Текст книги "Пристань"
Автор книги: Виктор Потанин
сообщить о нарушении
Текущая страница: 7 (всего у книги 8 страниц)
– У нас в Грачиках на каждого паренька – по три девушки. Ревут от них – спасу нет.
– Не надо! Хватит! – крикнула вдруг Аля, и Нюра опять внимательно взглянула на нее.
– Я, деушка, не про тебя судила. Надо же нонешни-то – не коснись, – простодушно удивилась, платочек поправила и взглянула на бабушку, прося защиты. Бабушка хотела подняться со стула, но у ней ничего не вышло, видно, нервничала.
– Кто тебя, Алентина, обидел, Че заорала-то? Я чайку хотела с тобой попить да своим вареньем попотчевать.
Аля удивленно уставилась на бабушку, но та все-таки встала со стула и направилась в комнатку. Все опять замолчали. И пока она возилась в комнатке с банками, никто ни о чем не спрашивал. Но вот вернулась с вареньем, и опять побежал теплый ручеек, и за столом снова стало свободно, Нюра улыбнулась – и мать тоже, и опять я разлил вино.
– Не сердись, Алентина. Я же за всяко просто, – сказала Нюра, но ее перебила бабушка:
– Поешь, Алентина. А умру – вспомни. Вареньем де старуха потчевала.
– А вы дольше не умирайте, – вырвалось у Али непрошенное, забавное, и она сама это поняла и сморщила нос.
– Не умрем – поживем, – согласилась бабушка, – все под богом ходим.
– А его нет! – засмеялась еще громче Аля и отпила чай из чашечки, даже не заметив, как потемнела бабушка и как откинулась на спинку стула.
– Нехорошо, Алентина, за столом хохотать, – сказала бабушка, не стерпела. И Аля отставила чашку и снова обиделась, и уж нос опять дрогнул, глаза заморгали; и мать, чувствуя беду, схватилась за кромку стола и в последней надежде обратилась к Але, наверное, чтоб отвлечь на другое.
– А Ваня – товарищ Анны Павловны по школе. Его в войну убили под Харьковом. Анна Павловна туда уехала и живет возле могилы...
– Хорошо, – ответила Аля, и глаза ее стали успокаиваться, и опять подговорилась: – А зачем живет возле могилы? Его уж не вернешь. Не век оплакивать?..
– Дешево говоришь, дешево, – задергалась на стуле Нюра и вдруг ударила кулачком по столу. Но сразу одумалась и заговорила тише: – Что за любовь нынче? Вон в Грачиках девки так и вешаются, так и вешаются.
У Али перестала дрожать переносица, и она ответила спокойно, так странно спокойно, что я испугался:
– Кто вы, чтоб учить меня?
– А я нянька, нянька ему. Вот так, Алентина, – как тебя по батюшке? Кусочница, мешочница, покормушка, кто я была еще, а все равно нянька...

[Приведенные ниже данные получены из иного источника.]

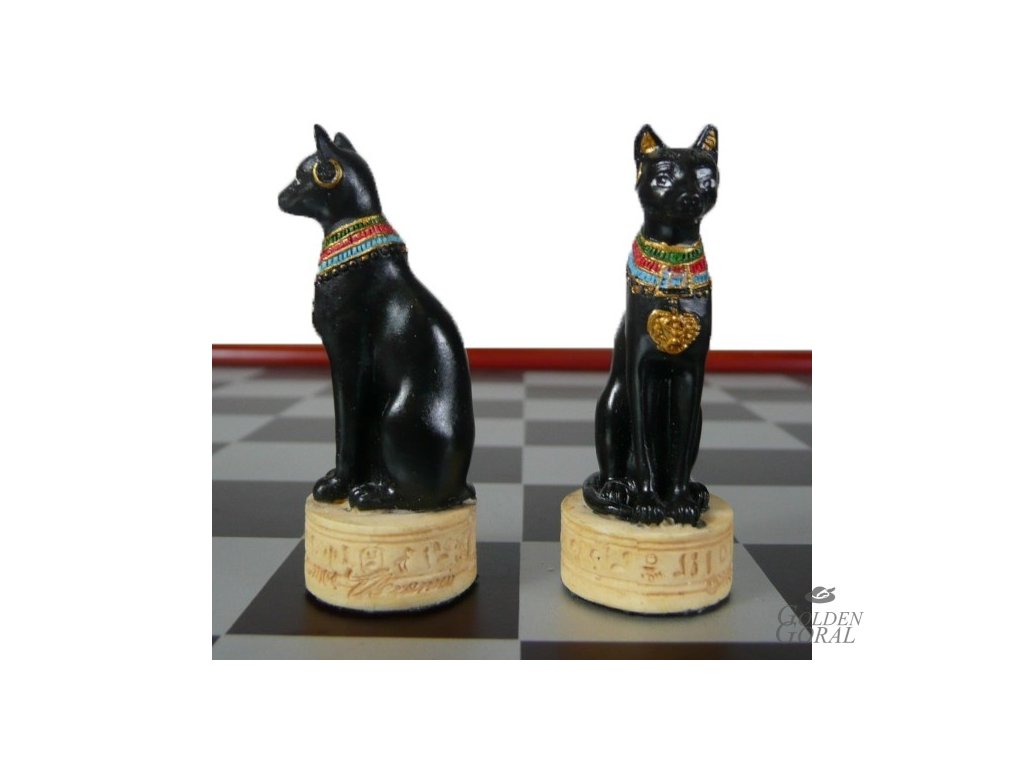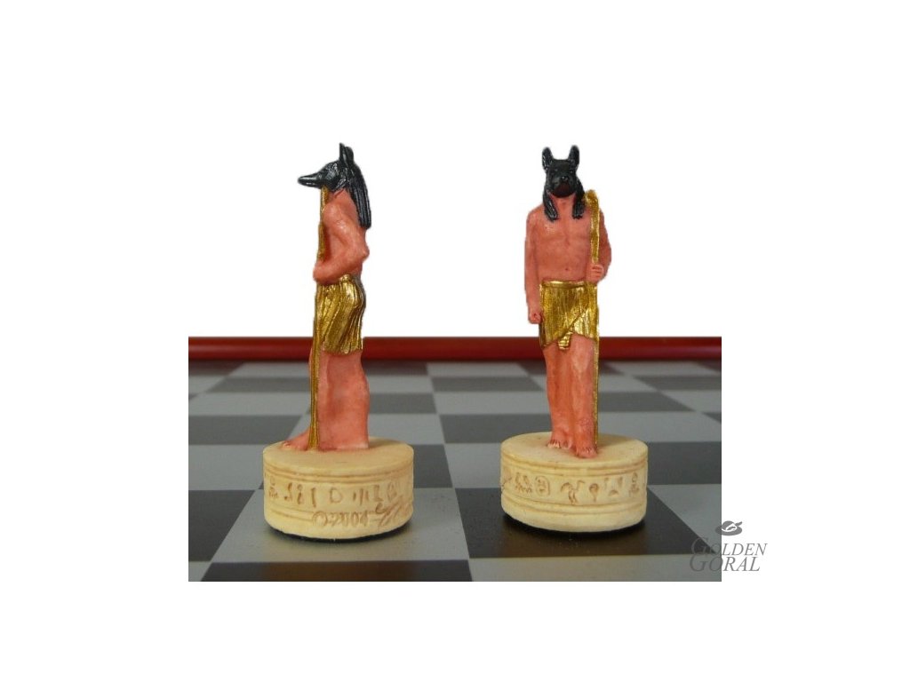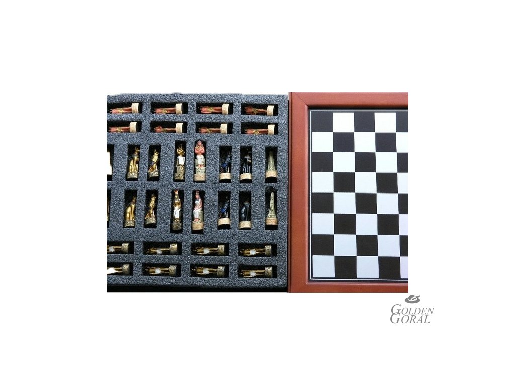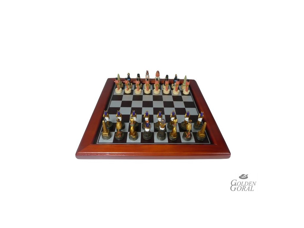 Ručne maľovaný šachový set s egyptským motívom obsahujúci figúrky a šachovnicu.

– Да хватит вам! Лучше выпьем вина? – сделала последнее усилие мать, но Нюра уже никого не слушала, ничего не видела, стала терзать ее внезапная злость, а может, и не злость это, а что оно – сам не знаю.
Но только она опять ринулась:
– У тебя вот убьют Васяню – небось не станешь в девках сидеть! А кто из нонешних станет? Ну-ко? Ну-ко?.. Только знаете натряхиваться да юбки выше грудей кроить.
– Как вы смеете! Замолчи-и-ите! – крикнула Аля, и в голосе ее – визг, истошный визг.
Бабушка со стула поднялась:
– То ли ссоримся? Бесперечь ссоримся... – и потихоньку, оглядываясь на ходу, поплелась в свою комнатку. Нюру как стегнул кто, как керосину плеснули в глаза.
– Ты меня, деушка, не учи. Была учена, переучена. Я на людских кусках выросла – уважай, голубушка, и ори помаленьку.
– Не уважаю каждого встречного! И вообще могу избавить от собственного присутствия... – Переносица у ней опять заподрагивала, глаза сузились и голос еле крепился – вот-вот пропадет.
– Аха, забрало! Забрало, деушка, – теперь уже Нюра усмехалась открыто, пронзительно, и я не понимал, что сделалось с ней.
– Век живи, деушка, – век расплачивайся. Не нами сказано... Я вот живу возле Ванечки и каждый день с ним разговариваю: что сделала, что сробила. И что на завтра загадываю...
– Да вы – сумасшедшая! – закричала Аля и хотела уже выскочить из-за стола, но я прижал ее ногу, и Аля опять крикнула: – Мертвого караулите!
– Сама мертвая... Наскрозь вижу!..
– Живите, как знаете, – сказала Аля уставшим голосом и поднялась со стула.
Но Нюра тоже поднялась и вдруг схватила ее за плечи, придавила к стулу.
– Постой, голубушка, не договорили. Значит, мертвого! А Васянин отец тоже мертвый? А в Грачиках сто мужиков не пришли – тоже мертвые? У тебя есть отец?
– Есть, и что еще? – опять стала подниматься со стула, но Нюра ее посадила.
– Не ерепенься. Мертвые – говоришь? Ах ты, лебеда дурна, ниче не доходит! Ведь потому и по женихам ездишь, что они погинули. Погинули наши мужички... А вы нонешни только лапы казать.
– Я не обязана за всех отчитываться...
– Обязана! Все люди – вместе, и ты должна... И обязана!
– Вон куда клоните. Ай да Грачики! Если кто-нибудь, скажем, человека убьет – мне за него отвечать?
– Смотря как. У нас в Грачиках...
– Да бросьте вы эти Грачики! Ты что, Вася, не весел? А ну, выше голову – ты не виноват в этой старухе, – обратилась Аля ко мне нарочно спокойно, желая, может быть, сама успокоиться, вглядеться в себя, а может быть, это спокойствие – накануне слез.
– А эта старуха – нянька Васина. Его уважашь – меня уважай.
– За что уважать-то? – возмутилась Аля и опять щеки обхватила ладонями.
Мать сразу наклонилась над ней:
– Успокойся же. Успокойся, все будет хорошо. Хорошо...
– Уж куда лучше, – усмехнулась она как-то тихо, покорно, так что я весь задрожал.
– Давайте чай пить, – не сдавалась мать.
Села с нами рядом, и я видел, как велико у ней желанье помирить нас, утешить, но как сделать – не знала.
– Не обязана, говорит, отчитываться, – ворчала про себя Нюра и потом опять обратилась к нам и смотрела то на меня, то на Алю: – В наше время отчитывались. Вон, Ванечка сам, первый, на своих ноженьках в военкомат кинулся, а мог бы обождать и повесточки.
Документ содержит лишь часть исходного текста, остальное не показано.